Telephone Book

Telephone Book (Yellow Pages, Blue Pages, and White Pages)

Year: 1995

Title: Telephone Book

Heading: for fl, cl, vln, vlc, and pno.

Movement Titles: These two new movements, "The Blue Pages" and "The White Pages" added to "The Yellow Pages", makes up the complete Telephone Book

Telephone Book
1. The Yellow Pages
2. The Blue Pages
3. The white Pages

First Performance:
9 September 1995
Present Music
Milwaukee Art Museum

Instrumentation: flute (doubling piccolo), clarinet (doubling bass clarinet), violin, 'cello, and piano

Duration: complete: 18'

Recording: Telephone Book can be found on the release, six

Press Quote:
...a vigorous, tidy romp...with a bright kaleidoscopic jangle that was Torke's own.
—Washington Post

The two new movements, "The Blue Pages" and "The White Pages," which also feature the same technique of 'static transposition,' are also well characterized and sustained. —Gramophone

Program Notes:
The Yellow Pages was composed while I was a student at Yale, in the spring of 1985. I had just finished my first large piece, Ecstatic Orange, and I chose more open, diatonic harmonies as a kind of relief from the denser chords I had just used. My decision to write for two winds, two strings, and piano came from the belief that it would be a practical combination, and that I would be more likely to get performances in the future.

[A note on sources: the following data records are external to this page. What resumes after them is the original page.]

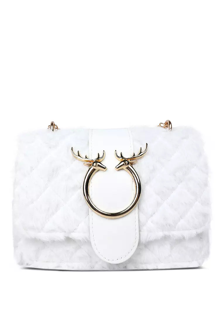 This faux fur sling bag with fancy buckle details on top and a long chain will always be your go-to bag. Complement it with crop tops, high-waisted pants, mini skirts, summer dresses, or even clubwear to tuner up your look.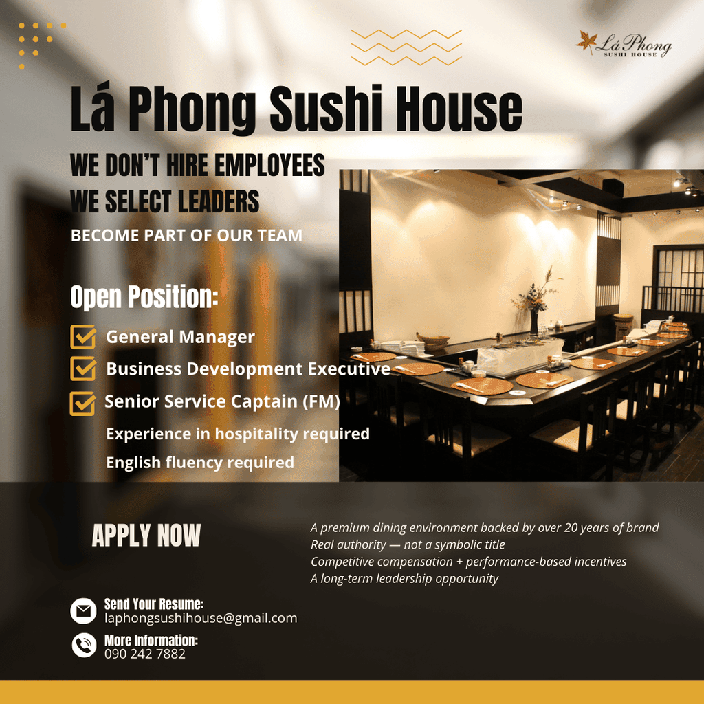 Lá Phong Sushi House - thương hiệu ẩm thực Nhật cao cấp hơn 20 năm - đang tìm kiếm: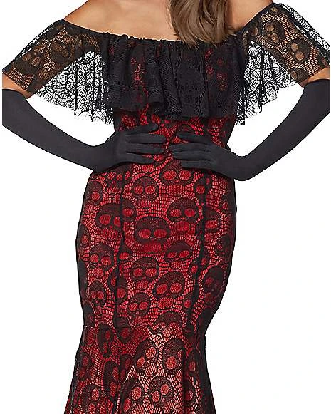 It’s time to celebrate with this festive Day of the Dead dress costume. Its beautifully put-together red and black design will have you dancing the night away!

Ten years later, in 1995, when Present Music offered a commission to expand these musical ideas into a three-movement composition, I jumped at the opportunity. Given that the Yellow Pages are generally accompanied by the White Pages (for residential listings) and the Blue Pages (for government listings), it seemed natural to use these two other sections as models for additional movements.

Referring to the alphabetical listings found in these familiar directories, I devised a kind of musical equivalency: bars of music repeat, but I continually introduce new key signatures. The result (going through the complete cycle of fifths, but not transposing anything) is the feeling of much activity over gradual change, much like the way alphabetical order works. (It takes 133 pages of "A" entries to get to the "B?s" in my phone book, yet the ending letters of all the entries change constantly). Each movement explores a slightly different application of this treatment.

In addition, the names of the movements also refer to my synesthetic response to the keys I chose. The Yellow Pages is in G major - a key which I?ve always associated with yellow. White is A minor; blue is D major - and those are the respective keys used.